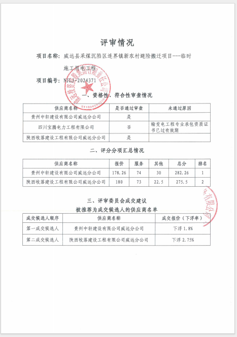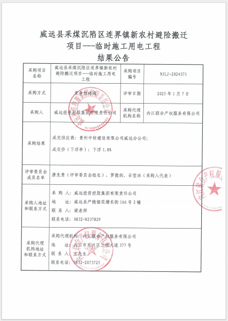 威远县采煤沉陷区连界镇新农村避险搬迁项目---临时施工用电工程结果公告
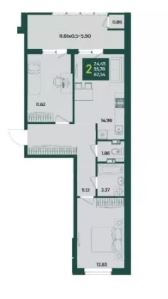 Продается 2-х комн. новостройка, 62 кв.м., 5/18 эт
--
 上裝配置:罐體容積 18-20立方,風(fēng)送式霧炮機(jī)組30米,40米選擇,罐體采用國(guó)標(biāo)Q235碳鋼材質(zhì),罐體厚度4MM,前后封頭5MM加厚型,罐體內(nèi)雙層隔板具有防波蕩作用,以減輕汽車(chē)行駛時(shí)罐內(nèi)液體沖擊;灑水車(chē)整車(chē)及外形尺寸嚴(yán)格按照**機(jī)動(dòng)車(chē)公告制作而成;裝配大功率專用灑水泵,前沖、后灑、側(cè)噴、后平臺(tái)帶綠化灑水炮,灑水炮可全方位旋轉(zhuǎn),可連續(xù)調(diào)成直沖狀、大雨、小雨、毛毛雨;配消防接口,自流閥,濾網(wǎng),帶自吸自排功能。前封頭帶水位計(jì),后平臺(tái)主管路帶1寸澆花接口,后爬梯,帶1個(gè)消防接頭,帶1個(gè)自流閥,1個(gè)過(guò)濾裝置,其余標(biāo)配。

[WORK TASK]: Look above for the line with "威远县采煤沉陷区连界镇新农村避险搬迁项目---临时施工用电工程结果公告" and the line with "Продается 2-х комн.". Output those two and everything between them exactly, pictures excluded.

[WRITTEN REPLY]:
 威远县采煤沉陷区连界镇新农村避险搬迁项目---临时施工用电工程结果公告
 Продается 2-х комн. новостройка, 62 кв.м., 5/18 эт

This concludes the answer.